(Dataset items)

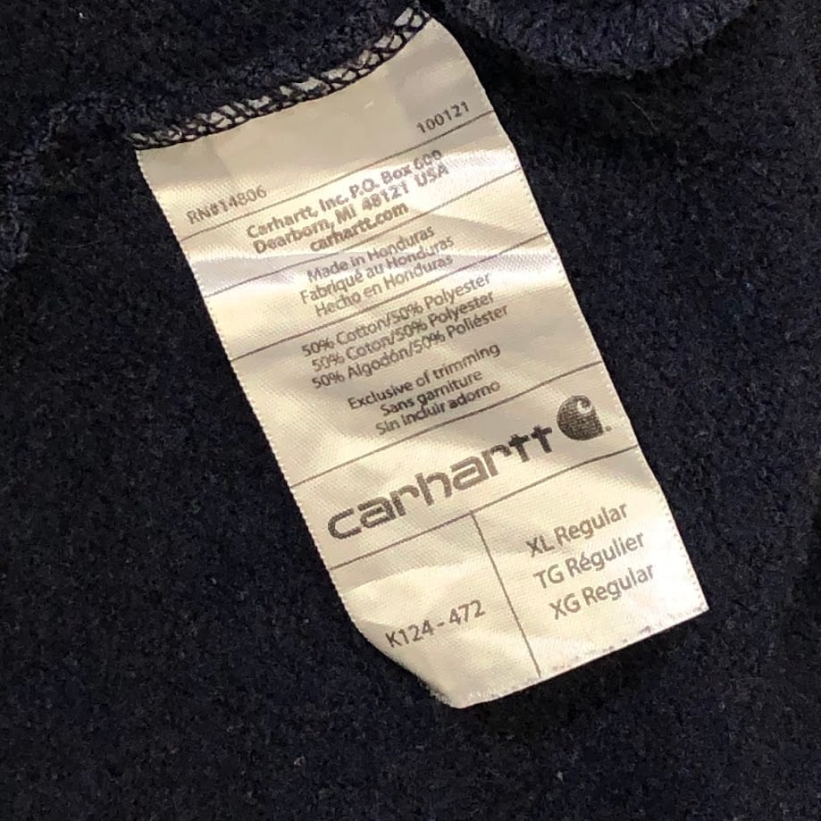 商品名:Carhartt カーハート 企業刺繍 ORIGINAL FIT スウェットトレーナー ガゼット Honduras製 XLサイズ ネイビー
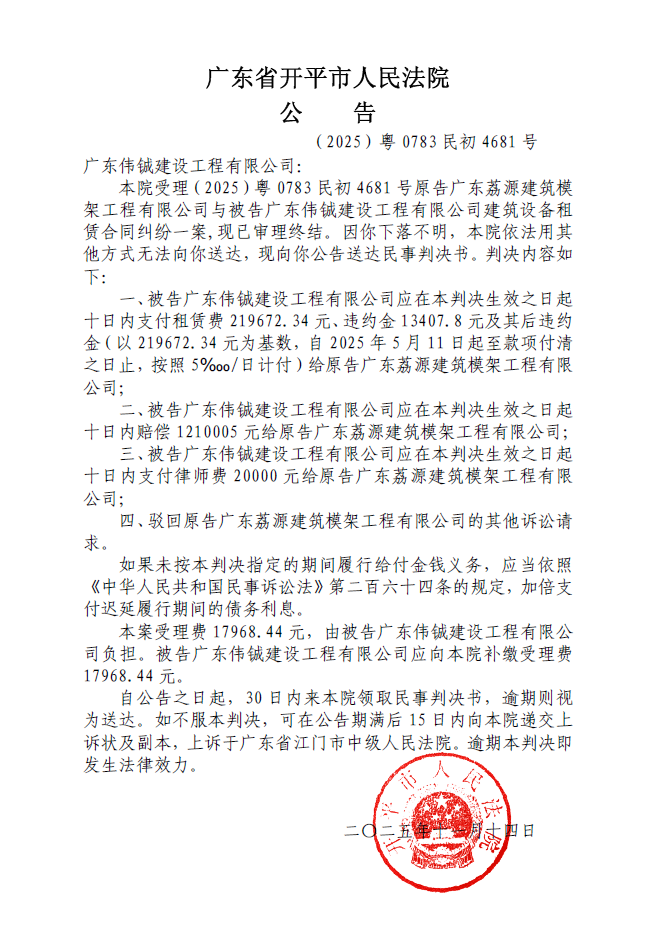 粤ICP备19069791号-1号 开平市人民法院版权所有
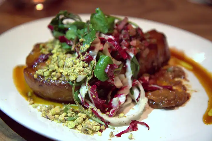 Bluestem has been doing downtown right since day one with organic ingredients, grass-fed meats and responsible whole animal practices. On Banker’s initial menu, there is a changing Devil’s Gulch pork cut each day ($27), in keeping with those laudable practices. During my recent visit, it was a pork chop smothered in pluot salsa verde, stone fruit mostarda and brown butter pistachio crumble. The result was luxurious without being heavy, full of decadent sweet-nutty flavor, the chop tender and pleasantly fatty, tasting of the last days of summer.
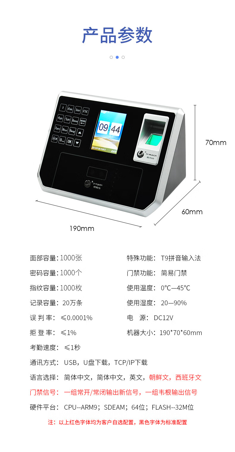 优玛仕 U-MACH智能指纹考勤机打卡机U-Z20
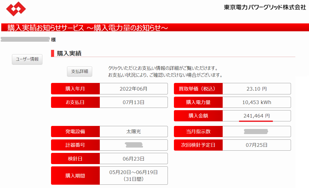 東電の検針は地区によって検針日が異なり、5月中から6月中が6月度の対象期間↓になるためモニタで測定した月発電量とはかなり相違します。
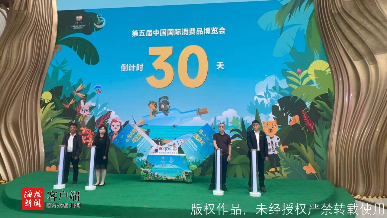 商报全媒体讯(椰网/海拔新闻记者 柯育超 摄影报道)3月13日,第五届中国国际消费品博览会(以下简称“第五届消博会”)30天倒计时活动暨吉祥物新形象发布会在海口举行。海南国际经济发展局总经济师曾蓉、海南省林业局副局长陈康等出席发布会,并共同发布第五届消博会全新形象并为30天倒计时牌揭幕。
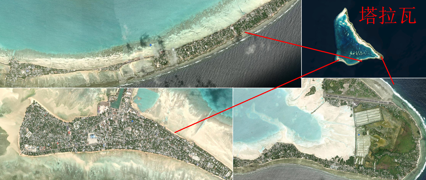 首都塔拉瓦蜷在一个环礁上,这条狭长的土地上,密密麻麻住了约五万人。在这里,从任何一栋房子溜达到海边,都用不了五分钟。
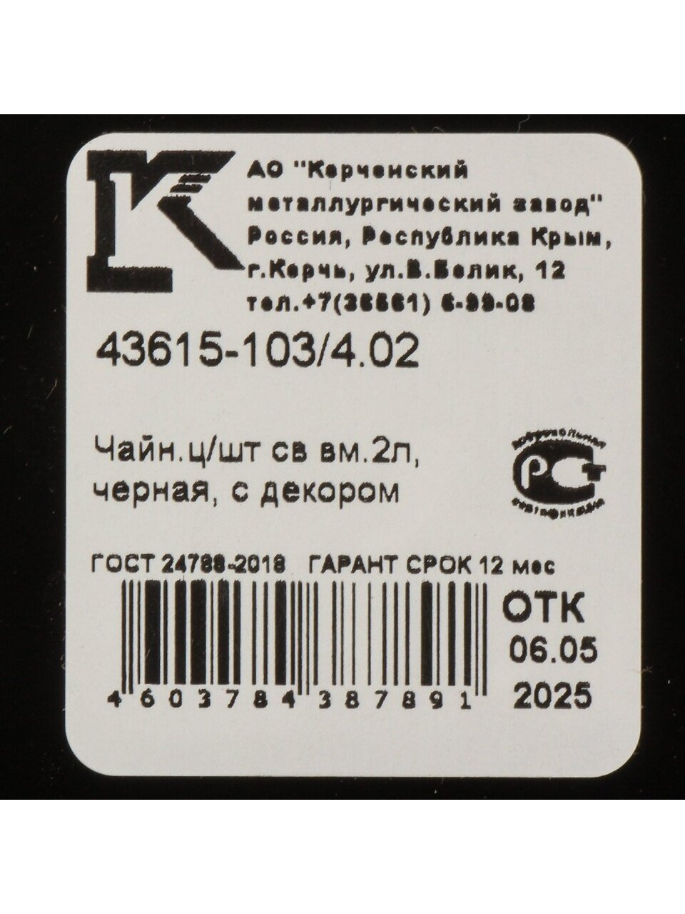 Вы можете приобрести «Чайник сталь, эмалированное покрытие, 2 л, со свистком, ручка консольная, Керченский металлургический завод, Мохито, черный, 43615-103/4.02-У4» и другие товары в нашем интернет-магазине в Серпухове по низким ценам и с бесплатным самовывозом.

Your objective:
Nothing but the lines from the one holding "优玛仕 U-MACH智能指纹考勤机打卡机U-Z20" through the final line of the records above belongs in the answer, each retyped exactly; omit the pictures.

Problem solution:
 优玛仕 U-MACH智能指纹考勤机打卡机U-Z20
 東電の検針は地区によって検針日が異なり、5月中から6月中が6月度の対象期間↓になるためモニタで測定した月発電量とはかなり相違します。
 商报全媒体讯(椰网/海拔新闻记者 柯育超 摄影报道)3月13日,第五届中国国际消费品博览会(以下简称“第五届消博会”)30天倒计时活动暨吉祥物新形象发布会在海口举行。海南国际经济发展局总经济师曾蓉、海南省林业局副局长陈康等出席发布会,并共同发布第五届消博会全新形象并为30天倒计时牌揭幕。
 首都塔拉瓦蜷在一个环礁上,这条狭长的土地上,密密麻麻住了约五万人。在这里,从任何一栋房子溜达到海边,都用不了五分钟。
 Вы можете приобрести «Чайник сталь, эмалированное покрытие, 2 л, со свистком, ручка консольная, Керченский металлургический завод, Мохито, черный, 43615-103/4.02-У4» и другие товары в нашем интернет-магазине в Серпухове по низким ценам и с бесплатным самовывозом.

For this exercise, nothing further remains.